Archaea also contributed to the prokaryotic gene pool encoding CAZymes and peptidases, although to a minor extent (mean ± SD; 4.8 ± 4.0% of total CAZymes, 6.3 ± 5.0% of secretory CAZymes; 7.1 ± 6.7% of total peptidases, 10.7 ± 8.6% of secretory peptidases; n = 345; table S3). Metatranscriptomic and metaproteomic analyses revealed that mainly Euryarchaeota contributed to the archaeal CAZyme and peptidase pool, and Euryarchaeota contributed only 2 to 3% to the secretory CAZyme and peptidase gene transcripts. In the exoproteome, the archaeal CAZymes and peptidases were barely detected (figs. S5 and S6, and tables S5 and S7).

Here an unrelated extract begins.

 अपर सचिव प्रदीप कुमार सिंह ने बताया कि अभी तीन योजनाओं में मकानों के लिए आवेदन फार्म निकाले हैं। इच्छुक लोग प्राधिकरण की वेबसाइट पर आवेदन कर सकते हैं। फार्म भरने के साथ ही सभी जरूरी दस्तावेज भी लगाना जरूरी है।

The repertoire of genes encoding peptidases and CAZymes of the two major bacterial groups, i.e., Alphaproteobacteria and Gammaproteobacteria, was further analyzed (Fig. 5). While the abundance of gammaproteobacterial genes encoding secretory enzymes increased with depth (fig. S7, B and D), the number of alphaproteobacterial genes encoding secretory enzymes decreased from the epipelagic to the mesopelagic layer and increased again in the bathypelagic realm (fig. S7, A and C). Although the proportion of secretory to total enzymes was higher in Gammaproteobacteria than in Alphaproteobacteria, this proportion increased in both bacterial groups (at the community level) with depth (Fig. 5). A detailed gene analysis of the functional diversity of the enzyme classes of different bacterial taxa with depth revealed different levels of variability among phylogenetic groups (fig. S8, B and D). Specifically, Alphaproteobacteria exhibited a higher variability in the relative abundance of genes encoding secretory CAZymes and peptidases with depth. This was in contrast to the rather stable abundance of genes encoding CAZymes and peptidases in other groups such as Gammaproteobacteria (fig. S8, F and H).
Fig. 5. Percentage of genes encoding secretory CAZymes and peptidases of Alphaproteobacteria and Gammaproteobacteria increasing with depth.

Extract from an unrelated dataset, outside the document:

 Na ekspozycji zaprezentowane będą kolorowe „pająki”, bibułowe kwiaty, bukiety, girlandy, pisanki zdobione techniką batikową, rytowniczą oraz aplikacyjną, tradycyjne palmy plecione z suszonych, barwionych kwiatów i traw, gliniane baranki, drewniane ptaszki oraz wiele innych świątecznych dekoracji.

(A and C), Alphaproteobacteria; (B and D), Gammaproteobacteria. Box shows median and IQR; whiskers show 1.5 × IQR of the lower and upper quartiles or range; outliers extend to the data range. Statistics are based on Wilcoxon test, and letters are used to show statistical significance (P < 0.05); a shared letter means no significant difference. Epipelagic (n = 216); mesopelagic (n = 68); bathypelagic (n = 54); OMZ (n = 7).

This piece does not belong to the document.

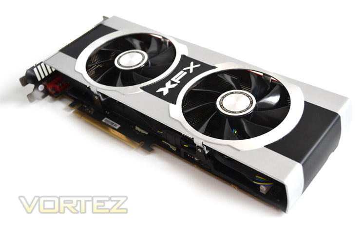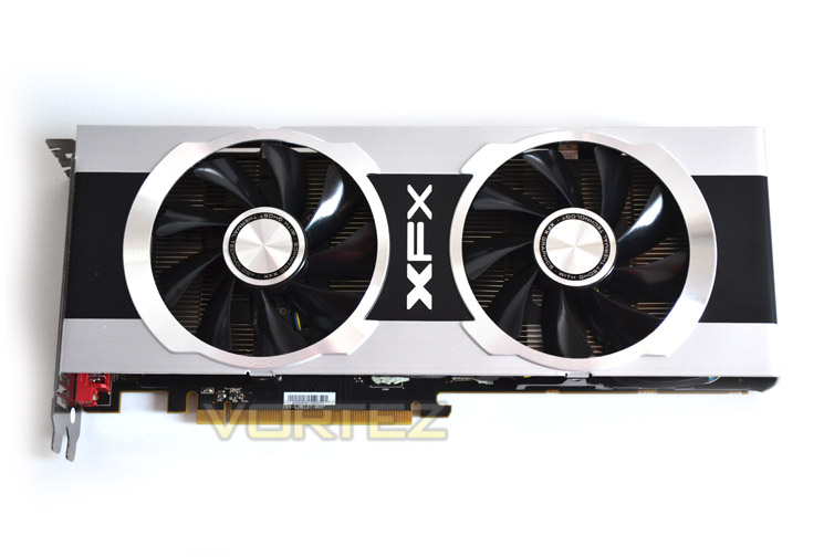 This card is a stunner. The silver and black shroud with raised brushed aluminium shroud is quality throughout and contrasts really well with the glossy black twin 92mm fans separated by the XFX logo in the coolers midriff. The cooler is folded very well at the ends with no sharp edges to be found and rather than using flimsy plastic, the metal should stand the test of time no matter how many times the card is removed/replaced.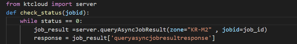 라이브러리에 포함된 함수들을 통해 KT Cloud의 자원들을 제어합니다.

A further phylogenetic analysis of total and secretory CAZymes and peptidases at the order level revealed a strong shift in alphaproteobacterial genes, with Pelagibacterales dominating in surface waters and Sphingomonadales and Rhodobacterales dominating in bathypelagic waters (fig. S8, A and C). This strong shift in the dominating phylogenetic groups in Alphaproteobacteria contrasts with the more gradual changes observed in gammaproteobacterial enzymes, where the contribution of Alteromonadales and Oceanospirillales gradually increased with depth (fig. S8, E and G). The metatranscriptomic data are in agreement with the metagenomic results indicating that Sphingomonadales, Rhodobacterales, Alteromonadales, and Oceanospirillales were dominating organic matter utilization in the bathypelagic realm (fig. S9). While Alteromonadales secreted both CAZymes and peptidases into the ambient water as indicated by the proteome analyses, Sphingomonadales and Rhodobacterales exhibited preferential expression of secretory peptidases only (fig. S10). Roseobacter, a member of the Rhodobacterales, is about equally important as SAR11 in amino acid assimilation in coastal environments (31). In contrast to Gammaproteobacteria, Alphaproteobacteria showed distinct patterns in the CAZyme and peptidase gene expression, indicating that the phylogenetic difference in community composition was detectable not only on the 16S ribosomal RNA gene level but also on the metabolic level (figs. S9 and S10).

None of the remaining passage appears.